Aim of the exercise
Make an exact copy, from the records below, of the lines from the line containing "Гидрогелевая пленка на" to the line containing "2. 2. A PROSPERIDADE", both lines included, excluding pictures.

[Data extracted from a collection]
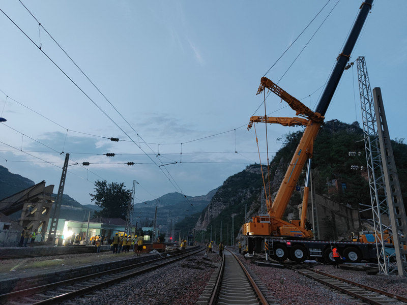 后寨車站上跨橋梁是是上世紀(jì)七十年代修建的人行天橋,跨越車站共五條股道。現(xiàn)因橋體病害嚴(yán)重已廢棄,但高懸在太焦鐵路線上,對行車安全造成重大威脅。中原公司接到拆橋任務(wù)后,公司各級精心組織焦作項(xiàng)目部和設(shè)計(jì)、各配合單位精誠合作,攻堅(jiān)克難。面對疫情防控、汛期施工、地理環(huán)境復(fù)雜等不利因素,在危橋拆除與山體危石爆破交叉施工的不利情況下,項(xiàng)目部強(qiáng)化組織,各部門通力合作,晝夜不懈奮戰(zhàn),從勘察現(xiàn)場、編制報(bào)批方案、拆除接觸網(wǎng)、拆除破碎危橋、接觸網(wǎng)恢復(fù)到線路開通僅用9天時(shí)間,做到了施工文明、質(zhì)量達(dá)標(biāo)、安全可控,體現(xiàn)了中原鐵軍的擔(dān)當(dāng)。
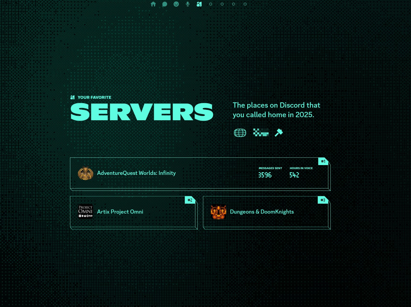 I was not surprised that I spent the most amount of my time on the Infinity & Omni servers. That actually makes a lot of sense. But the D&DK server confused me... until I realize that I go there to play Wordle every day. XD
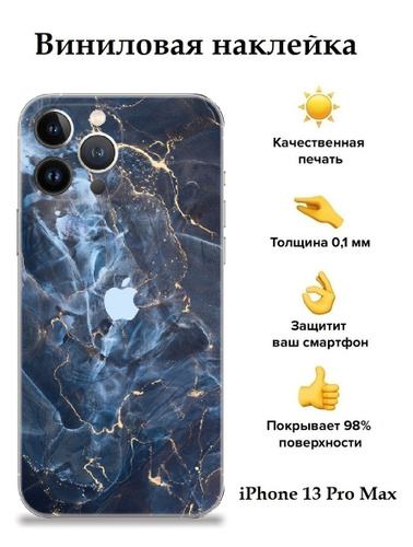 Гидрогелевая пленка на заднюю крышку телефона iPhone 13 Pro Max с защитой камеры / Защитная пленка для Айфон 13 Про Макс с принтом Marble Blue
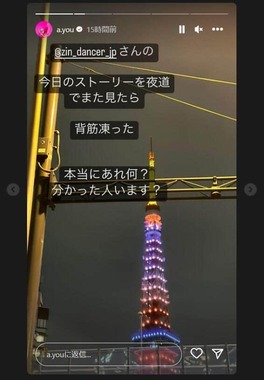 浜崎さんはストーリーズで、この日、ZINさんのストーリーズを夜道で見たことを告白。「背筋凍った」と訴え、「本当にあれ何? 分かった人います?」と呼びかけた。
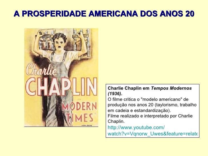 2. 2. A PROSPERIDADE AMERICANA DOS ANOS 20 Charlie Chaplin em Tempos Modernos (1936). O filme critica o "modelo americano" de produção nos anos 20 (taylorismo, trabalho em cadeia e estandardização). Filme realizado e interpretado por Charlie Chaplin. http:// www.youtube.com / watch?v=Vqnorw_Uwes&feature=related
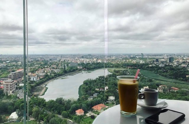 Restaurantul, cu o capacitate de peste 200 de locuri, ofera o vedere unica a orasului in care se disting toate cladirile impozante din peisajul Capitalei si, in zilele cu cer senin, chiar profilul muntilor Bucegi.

Output
 Гидрогелевая пленка на заднюю крышку телефона iPhone 13 Pro Max с защитой камеры / Защитная пленка для Айфон 13 Про Макс с принтом Marble Blue
 浜崎さんはストーリーズで、この日、ZINさんのストーリーズを夜道で見たことを告白。「背筋凍った」と訴え、「本当にあれ何? 分かった人います?」と呼びかけた。
 2. 2. A PROSPERIDADE AMERICANA DOS ANOS 20 Charlie Chaplin em Tempos Modernos (1936). O filme critica o "modelo americano" de produção nos anos 20 (taylorismo, trabalho em cadeia e estandardização). Filme realizado e interpretado por Charlie Chaplin. http:// www.youtube.com / watch?v=Vqnorw_Uwes&feature=related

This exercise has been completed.